Project

General

Profile

Matt's Summary of grid best practice

0. Run test jobs to check the workflow is correct and determine the memory usage, disk usage, and wall time.  Increase number of input files/job so that the job runs for 2-4 hours or until you reach the 35 GB disk limit on the grid worker node.


1. Set workdir in your project.py xml file to point to your directory on resilient dCache. 


2. If you are using a local build, copy your local.tar to resilient dCache. 


3. Use the most up-to-date project.py (which enables xrootd streaming, does not copy setup_uboone.sh to each grid worker node, and tars up non-root output files before copying them back from the grid worker node) 
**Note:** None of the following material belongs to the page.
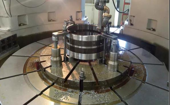 内齿圈材料为常见的35CrMo渗氮钢。由于零件结构属薄壁类,故对生产技术要求较高。零件畸变是个系统工程,前期的毛坯制造、预备热处理、加工制造、生产转运及热处理过程衔接直接影响最后的结果。加工过程采用统一基准,以减小加工应力。齿圈氮化处理通过合理的装炉方式、气压和温升,来保证渗氮变形。通过对多工序的严格控制,试制零件最终达到工件直径变形≤0.02mm、径向圆跳动≤0.02mm及齿部精度7级,完全满足图样和使用要求。
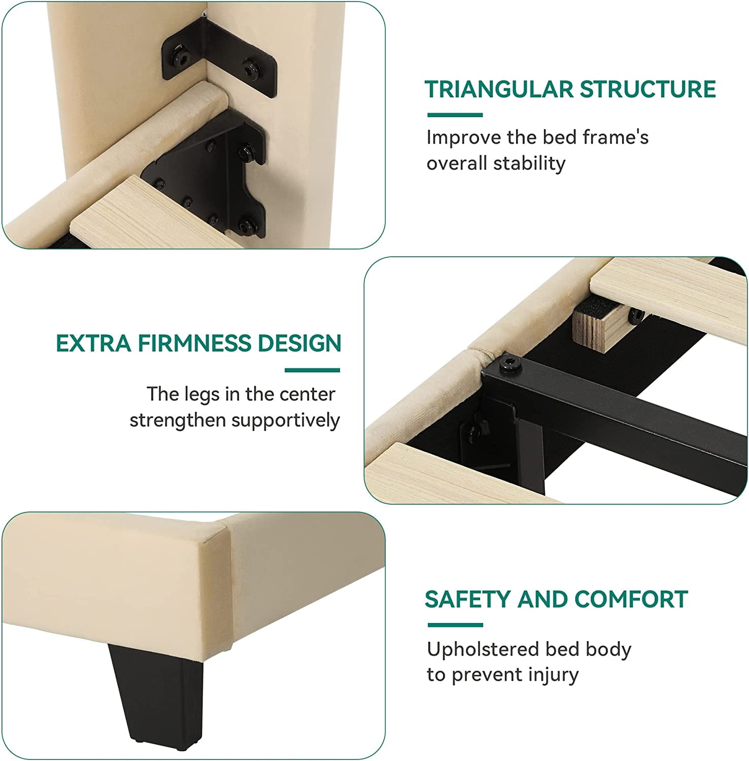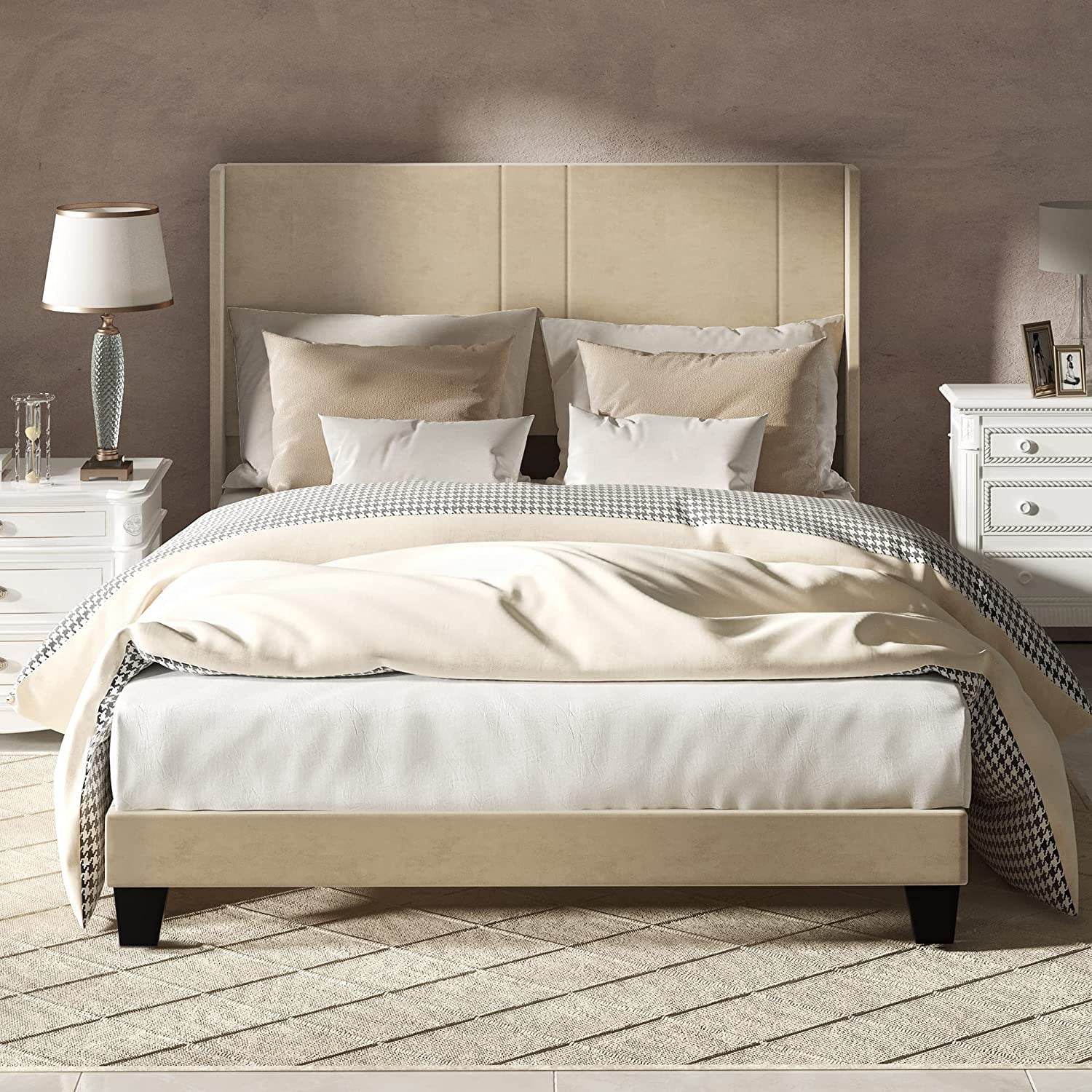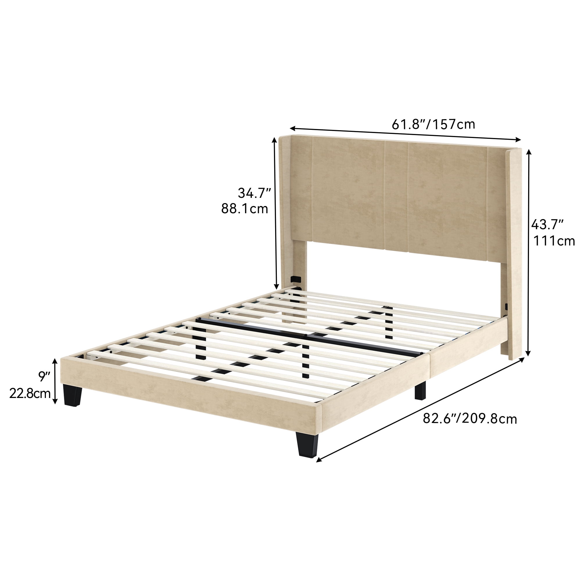 STURDY CONSTRUCTION- A thick & sturdy metal frame constructed from premium iron, and the well-selected wood keeps the mattress stable. Enjoy a bed frame with a longer lifespan. VELVET HEADBOARD- Features a suede surface with rectangular tufting for a classy look; The wingback design ergonomically fits the human curve with no box spring needed; Enjoy premium comfort and relaxation. HIGH PERFORMANCE- Middle bed legs are upgraded with anti-scratch foot pads to prevent damage to the floor or mats. Stickers on slats help to reduce noise; Create a noiseless environment for comfortable sleep. ELEGANT DESIGN- The upholstered platform bed has a minimalist headboard style that looks elegant in your bedroom; Beige color easily integrates into any room and suits various decorations. EASY ASSEMBLY- To avoid missing packages, product is packed in one carton for easy delivery; It may take you 30 mins to finish the entire assembly by following the user manual. Please follow the instructions, and professional installation recommended.

4. Add --append_condor_requirements='(TARGET.HAS_CVMFS_uboone_opensciencegrid_org==true)’ to your <jobsub> and <jobsub_start> elements of your xml file. 
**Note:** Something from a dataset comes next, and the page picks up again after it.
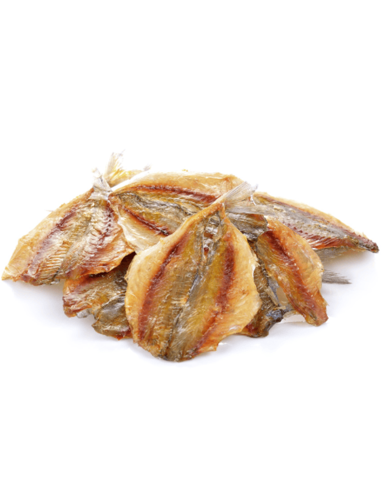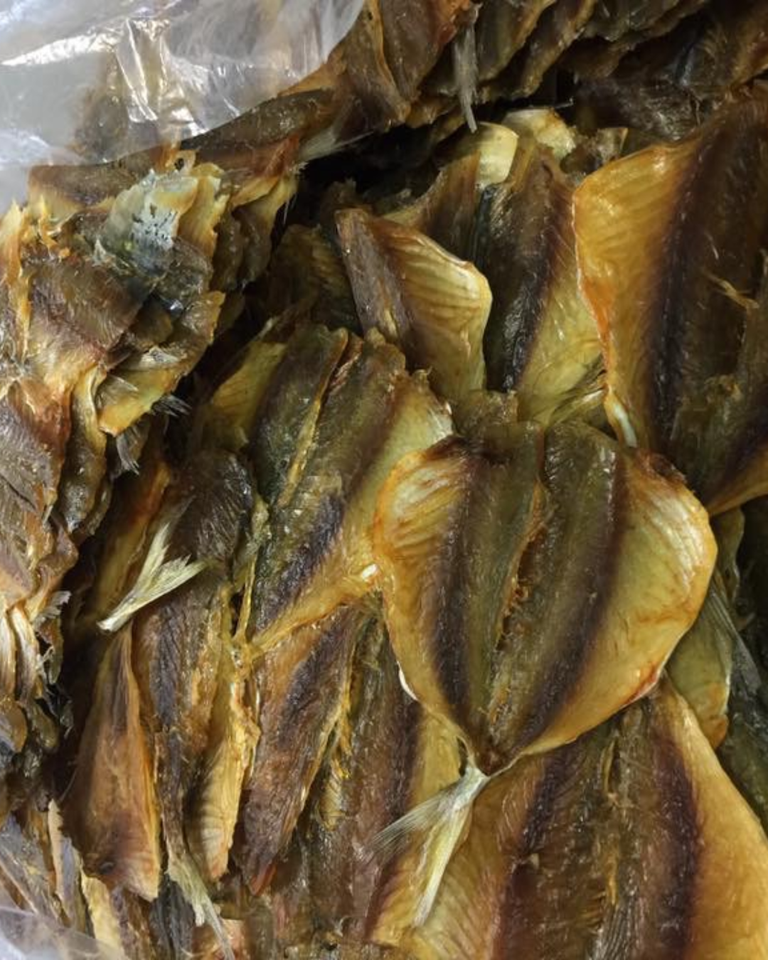 Contenido:Pescado de rayas amarillas secado al sol

5. Write the output of your jobs to dCache scratch. 


6. Do not submit more than 10,000 jobs to the grid over a given 10 minute period 


7. Set <bookdir> to your directory on /uboone/data. 


8. If you are doing a large production, run project.py --check periodically throughout the job rather than waiting until the end. 


9. If you are using file lists you must add <schema>root<\schema> to each stage in your xml file (assuming the input file is a ROOT file) [If you are using a SAM dataset definition and reading in non-ROOT files then you must add <schema>gsiftp</schema> to each stage in your xml file] 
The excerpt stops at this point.